Indeed, this year's 15 per cent rally in commodities is being ascribed to temporary factors, including speculative short covering and stockpiling in China. Last year's near 40 per cent pullback in commodities, though, should be viewed as a healthy correction in a secular commodity bull market. Indeed, there are three reasons for expecting commodities to perform well over coming years.

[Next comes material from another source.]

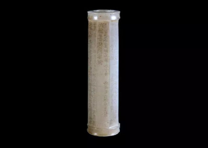 羊脂白玉质,细腻润洁。外呈八角管形,内为中通圆孔。通体各面用双勾阴文刻出《般若波罗密多心经》楷书体,计16行,292字,直读,落款刻“皇宋宣和元年冬十月修内司玉作所虔制”款。字体小如芝麻粒般,笔触纤细如游丝,娟秀飘逸,显示了纯熟高超的琢刻水平。“宣和元年”为1119年。历经八百多年沧桑,所刻字体仍清晰易读,是极难得的铭刻玉器。

First, the structural strength in the global economy resides in the emerging market economies. Since experiencing significant economic hardship during the series of EM crises between 1997 and 2001, these economies have been paying down debt, increasing savings and building reserves. As a result of that structural economic strength and the stimuli now being applied to these economies, we expect the EM economies to act as the major driver of global growth over the coming decade. Most importantly, given the voracious appetite for commodities in these industrial- ising economies, demand for major global commodities should rise significantly. Already China's consumption of copper has risen rapidly in 2009, as the fiscal stimulus plan and rapid lending growth combine to drive a recovery. Our long-term demand forecast suggests consumption of key commodities by the Brics (Brazil, Russia, India and China) alone, especially China, will account for the majority of global consumption by 2020 as their economic growth remains rapid and becomes increasingly commodity intensive.